> _TASK ITEM_:
Make an exact copy, from the records below, of the lines from the line containing "ONO ha remodelado" to the line containing "Dzīvoklis ar pilnu", both lines included, excluding pictures.

> _EXERCISE INPUTS_:

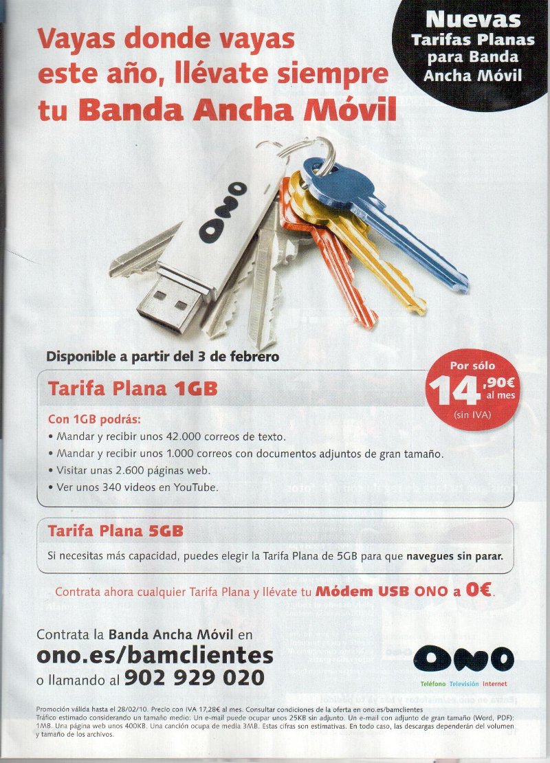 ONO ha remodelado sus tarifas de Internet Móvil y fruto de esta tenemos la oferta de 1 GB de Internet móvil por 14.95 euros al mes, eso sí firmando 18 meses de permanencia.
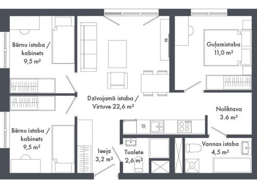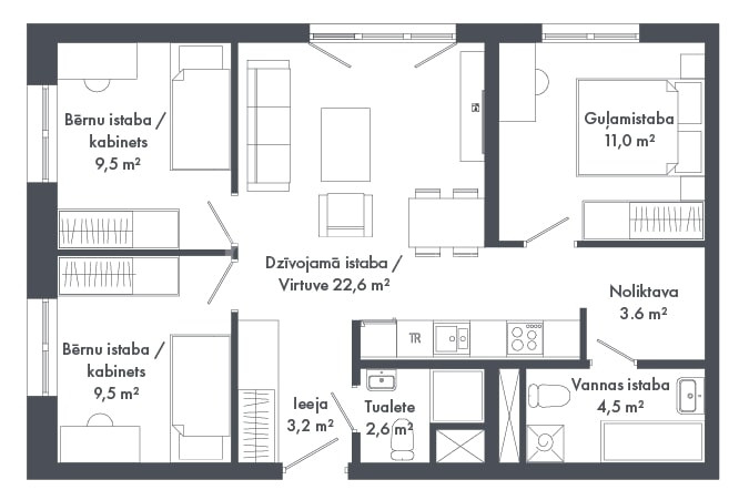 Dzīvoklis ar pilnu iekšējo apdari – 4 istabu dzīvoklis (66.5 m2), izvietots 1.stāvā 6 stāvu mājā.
==
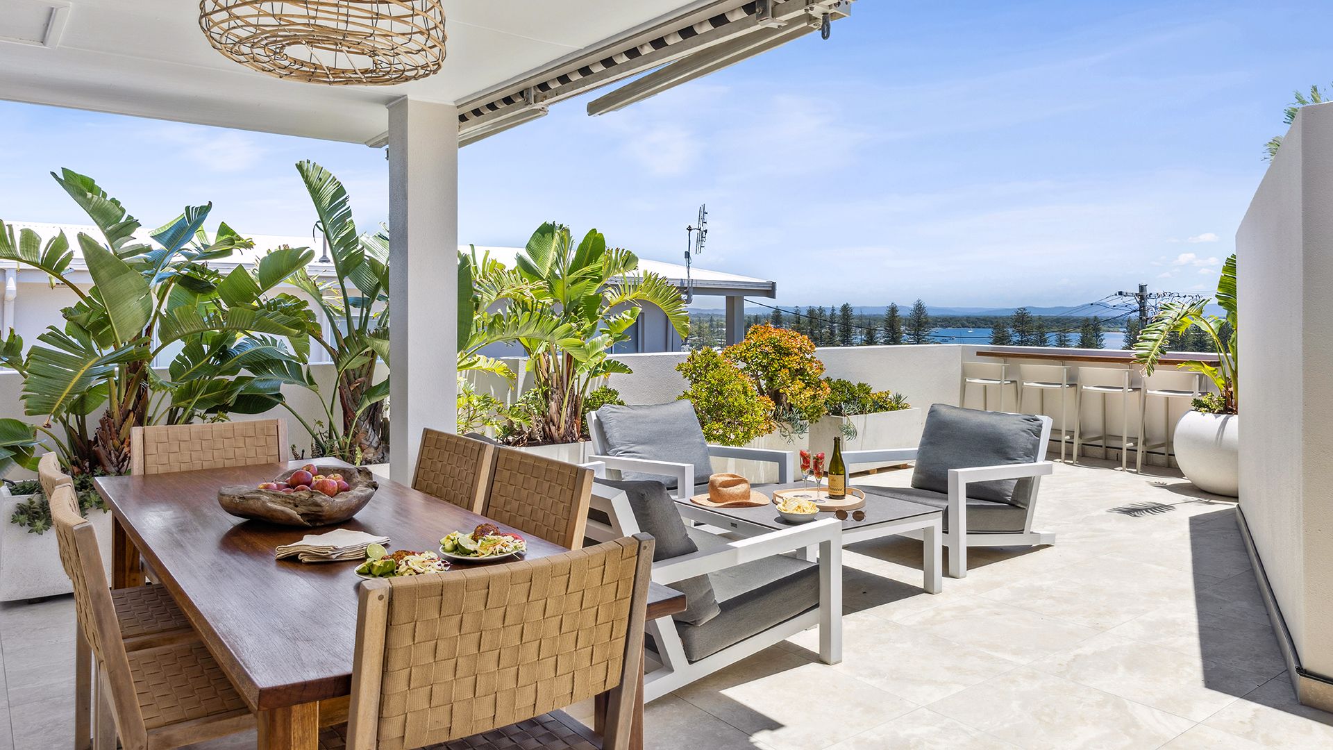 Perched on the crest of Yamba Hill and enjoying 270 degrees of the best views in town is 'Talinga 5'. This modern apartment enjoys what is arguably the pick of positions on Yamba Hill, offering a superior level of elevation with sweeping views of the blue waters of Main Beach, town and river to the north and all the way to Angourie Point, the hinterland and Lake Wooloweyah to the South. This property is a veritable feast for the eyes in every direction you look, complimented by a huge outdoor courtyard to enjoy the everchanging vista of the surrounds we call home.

> _OUTPUT FOR THIS EXERCISE_:
 ONO ha remodelado sus tarifas de Internet Móvil y fruto de esta tenemos la oferta de 1 GB de Internet móvil por 14.95 euros al mes, eso sí firmando 18 meses de permanencia.
 Dzīvoklis ar pilnu iekšējo apdari – 4 istabu dzīvoklis (66.5 m2), izvietots 1.stāvā 6 stāvu mājā.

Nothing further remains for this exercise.